Bottega artigiana2di Raimondo Giustozzi

In questi giorni di inizio primavera, che stenta ad arrivare, con le giornate ancora fredde al mattino e alla sera, ho ripreso in mano, con una vena di nostalgia per il tempo passato, vecchi appunti che tenevo nel computer. Erano i primi anni del mio ritorno nelle Marche, residenza a Civitanova Marche, dove vivo ormai da circa trent’anni: “Strani davvero questi giorni di ottobre, con la nebbia che al mattino copre ogni cosa. Viene voglia di uscire. Ci sono abituato. Con l’arrivo dell’autunno, “la scighera” e “ul frec“, la nebbia ed il freddo scandivano tante giornate trascorse in Brianza.

 

Mi accorgo poi con sorpresa che oggi è mercoledì, giorno libero da impegni scolastici. Tutto ritorna. Mercoledì era anche il giorno libero quando insegnavo a Verano Brianza; per tanti anni l’ho dedicato a ricerche di storia locale sulle antiche osterie, i mestieri di servizio, le attività produttive, il dialetto, i momenti di festa.

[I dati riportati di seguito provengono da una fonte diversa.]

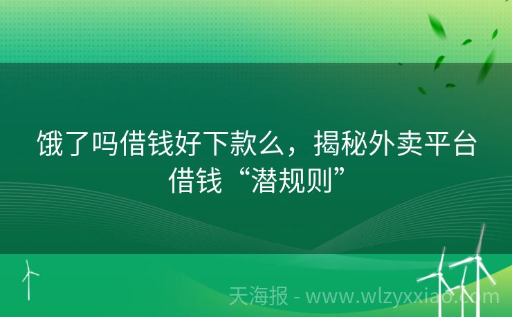 饿了吗借钱好下款么,揭秘外卖平台借钱“潜规则” 饿了吗借钱好下款么?揭秘外卖平台背后的“隐藏服务” “叮咚!您的外卖订单已送达~”当小李摸着饿扁的肚子拆开麻辣烫时,突然收到一条短信:“您有15000元额度待领取,点击链接立即到账!”他盯着手机屏幕愣住——这年头,连外卖APP都能借钱了吗?饿了么(饿了吗为常见误写,本文统一用正确名称)这类生活服务平...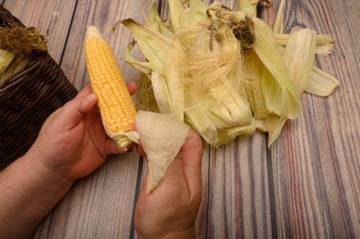 Быстро почистить початок кукурузы. Можно воспользоваться тем же способом, что и с чесноком. Отрезаем стебель и кладем в печь на 30–60 секунд. Так можно легко убрать даже самые мелкие волоски.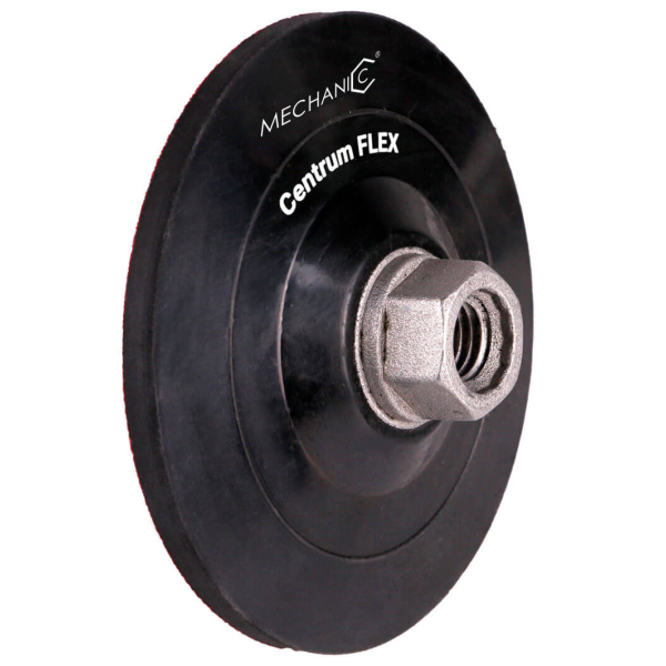 Опорна тарілка Mechanic CentrumFlex діаметром 100 мм. Кріпиться за допомогою з’єднання з метричною різьбою М14. Особливість тримача полірувальних кругів — наявність центрувального бурта діаметром 14.7 мм, із висотою 2.5 мм для точності встановлення шліфлистів по центру. Фіксує робочий круг до основи липучкою.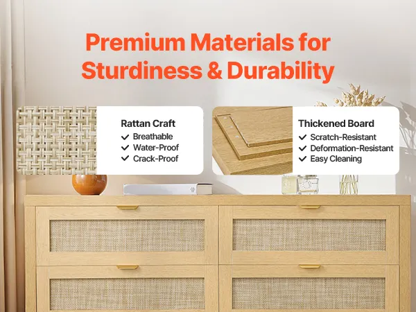 La cómoda, gracias a su estructura de ratán transpirable, reduce la humedad interior y mantiene los objetos secos. Los gruesos tableros soportan cajones completamente cargados sin deformarse ni dañarse.

Niente di meglio che prendere la macchina e salire verso la città alta. Il paesaggio è quello di sempre. C’è una cosa nuova, ma a me familiare: la nebbia. Il ricordo non può non andare lontano, in una ideale continuità di rapporti tra la terra d’elezione e quella del ritorno. Sono a caccia di notizie poi riguardanti le antiche botteghe del falegname, cuore pulsante dell’economia brianzola, nella forma artigianale prima, industriale poi. Fortuna sfacciata. Trovo il posto proprio in piazza della Libertà, a Civitanova Alta. Aspetto un po’. Mario è già sul posto, arriva anche Pierino ed in un batter d’occhio, l’elenco viene completato: Peroni Vittorio, Berdini Gottardo, Baiocco Michele e Luigi, Macellari Goffredo, Silvestrini Giuseppe, Gaetani Francesco, Fioretti Alfredo, Paparini Giuseppe, Marazzi Raffaele, Barabuglini Angelo.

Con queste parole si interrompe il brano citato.